An encounter with a helpful TSA agent -- though not this unidentified one -- inspired some thoughts on customer service for Steve Kelman. (Stock photo by Carolina K. Smith MD)
I had a great customer service experience with the Transportation Security Administration at Logan Airport in Boston recently. While I was going through my ticket and driver’s license check, the screener said to me, "Don’t forget about renewing your license – Massachusetts doesn’t send reminders." (My license expires in a few months.) I didn’t know Massachusetts doesn’t send reminders, so I’ve now put it on my calendar to make sure I take care of it in time.
I tell this story for several reasons. First, I want to acknowledge the good customer service from the oft-reviled TSA. My own experience as a very frequent traveler is that this is far, far closer to the norm than the stories about grannies or three-year olds getting aggressively searched that the public often hears. Second, I want to point out that this experience took place the very day that sequestration took effect. Here was an employee who did not allow herself to wallow in a sequestration funk, but instead continued to serve the public in a way that went beyond her job description. This should be a model for how civil servants in general react to sequestration, in my view – try to avoid getting into a passive victim mode.
There is a third lesson in this story that applies all the time, sequestration or not.
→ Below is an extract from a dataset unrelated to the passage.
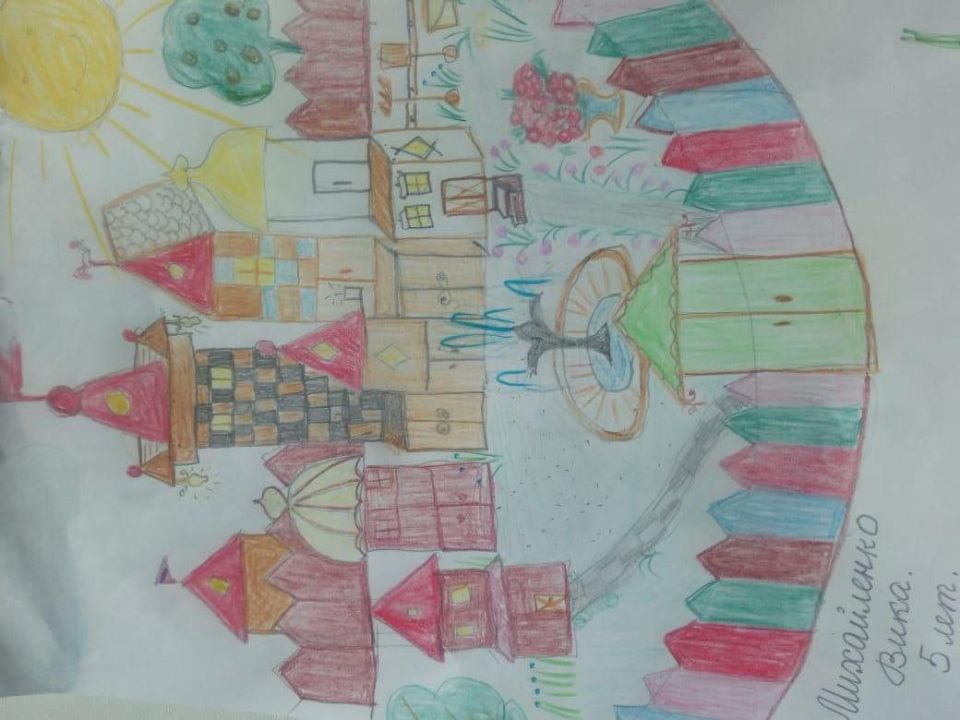 Автор работы: Михайленко Виктория, 5лет "Сказочный замок" Рисунок выполнен цветными карандашами.
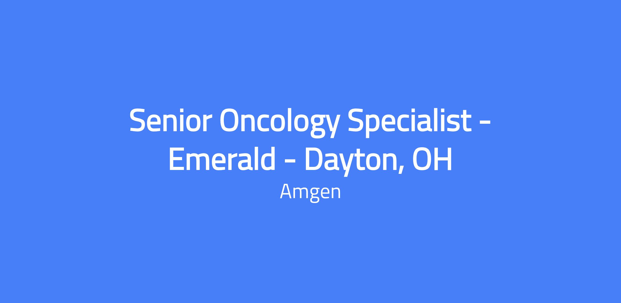 Senior Oncology Specialist for the Emerald territory in Dayton, OH (territory includes Dayton, Toledo, Lima, Findlay). You will be the primary customer contact, providing current and comprehensive clinical knowledge of Amgen's oncology products and communicating their clinical and economic benefits to medical professionals. You will develop and execute a comprehensive territory plan, manage accounts and access, and collaborate with cross-functional teams to drive patient care and achieve sales targets.

It is that there are many ways to improve customer service – or an organization’s performance more generally – that cost nothing, but simply require employees and managers to think creatively. I suspect that for virtually every job any government employee performs, there is a cost-free way to do the job better, waiting for the employee to realize the opportunity that’s there. Add up a lot of those individual ideas, and suddenly there’s a noticeable improvement in customer service or some other aspect of organizational performance.
For that to be realized, of course, what is required is not just individual creativity – though that’s an important part of it – but also managers willing to take the ideas beyond the employee’s own individual way of doing his or her job. So in the Massachusetts driver’s license example, I’d love to see TSA at Logan turn this individual employee’s smart idea into a standard operating procedure for screeners checking driver’s licenses.
Maybe a good way for feds to avoid sequestration funk is to show that even in tough times, feds can and will continue to be creative, and continue to serve the public – just like my TSA screener did.